4/ Dans quelques mois, le Brésil accueillera la Conférence des Nations
Unies Rio+ 20. Selon vous, de quelle façon les Rencontres du Mont-Blanc
(Forum des leaders mondiaux de l'économie sociale,) peuvent-elles
contribuer au succès de cette conférence ?
Le développement social et environnemental durable est un défi qui nous
concerne tous. Avec Rio-92, nous avons pris conscience de la nécessité de
protéger l'environnement ; l'urgence de cette question s'impose aujourd'hui
d’autant plus clairement. Lors de la COP 15, au Danemark, le Brésil a
volontairement pris des engagements pour réduire les émissions de carbone de
6 % d'ici 2020. Nous avons freiné le déboisement de l'Amazonie et, sous le
mandat de mon gouvernement, de 2003 à 2010, le Brésil s'est distingué par
l'augmentation des zones environnementales protégées de la planète à hauteur
de 74 %.
J'espère qu’à l’occasion de Rio+20, nous parviendrons à renforcer l’idée selon
laquelle l'inclusion sociale et l’environnement doivent aller de paire et sont
complémentaires. La réduction des émissions doit être compatible avec la
réduction de la pauvreté. La responsabilité des pays développés n’en est que
plus importante et doit comprendre le transfert de technologies propres vers les
pays les moins développés.
La société doit pouvoir suivre en permanence les foras et accords
internationaux. Les échanges tels que les Rencontres du Mont-Blanc, qui
rassemblent divers secteurs de la société d’origines diverses dans le monde
sont fondamentales pour élaborer de nouvelles idées et forger de nouvelles
alliances permettant de relever à la fois les défis sociaux et les défis
écologiques. Mon expérience politique, en tant que leader syndical et politique,
puis en tant que président du Brésil, m'a enseigné combien il est important
d’être à l’écoute, et en particulier d’écouter ceux qui ne sont pas d'accord avec
nous, y compris pour élaborer les politiques publiques.

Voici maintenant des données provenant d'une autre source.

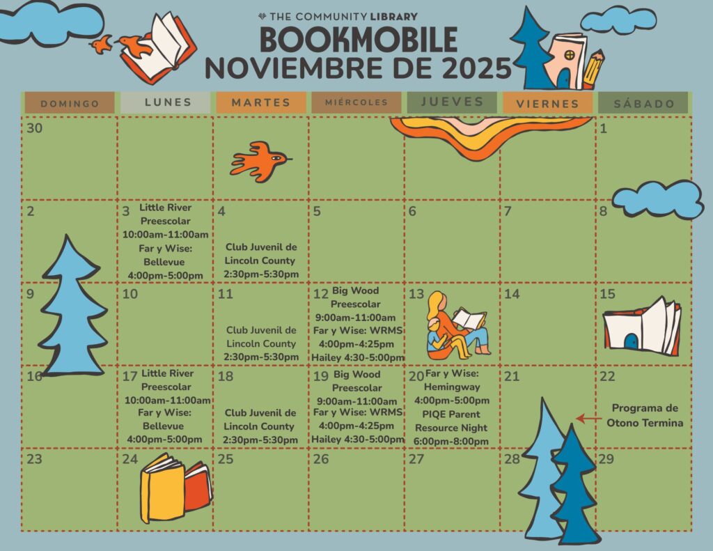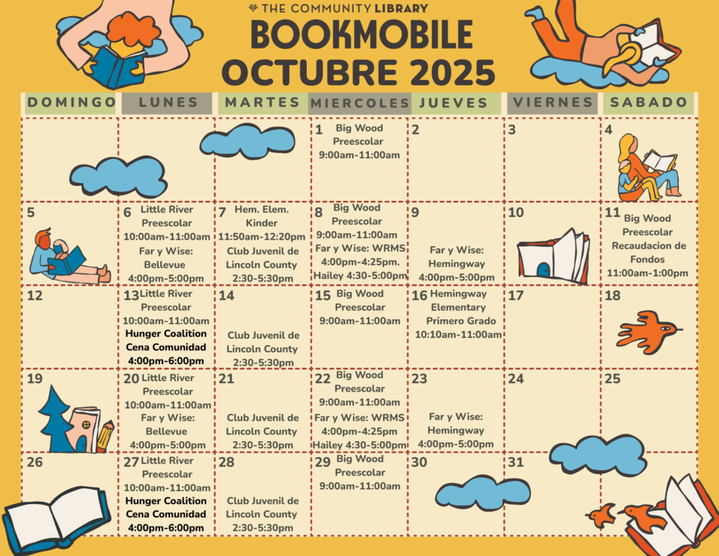 The Bookmobile travels to locations throughout the Wood River Valley year ’round. Look for monthly updates on the schedule below.
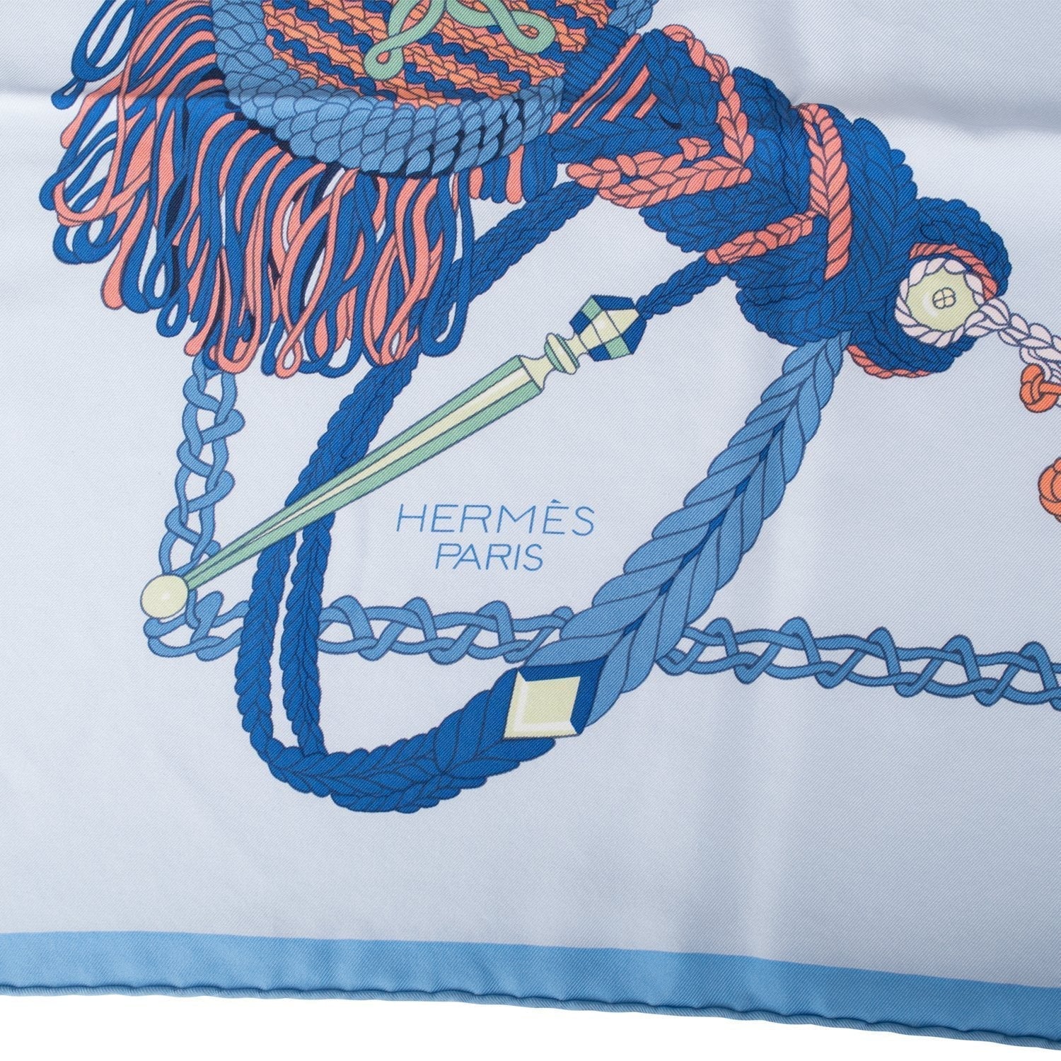 Hermes "Le Timbalier" Bleu Ciel Silk Twill Scarf 90cm

Je me félicite de la réalisation de cette rencontre à quelques mois de Rio +20,
me réjouis de l'élargissement des activités des Rencontres du Mont-Blanc à
partir de 2011, et regrette de ne pouvoir être présent parmi vous.
L'échange d'expériences et de connaissances entre les leaders sociaux du
monde entier est essentiel pour échafauder la gouvernance et la coopération
internationale dont nous avons besoin pour relever les défis qui se posent à
nous et tirer parti des opportunités du XXIe siècle.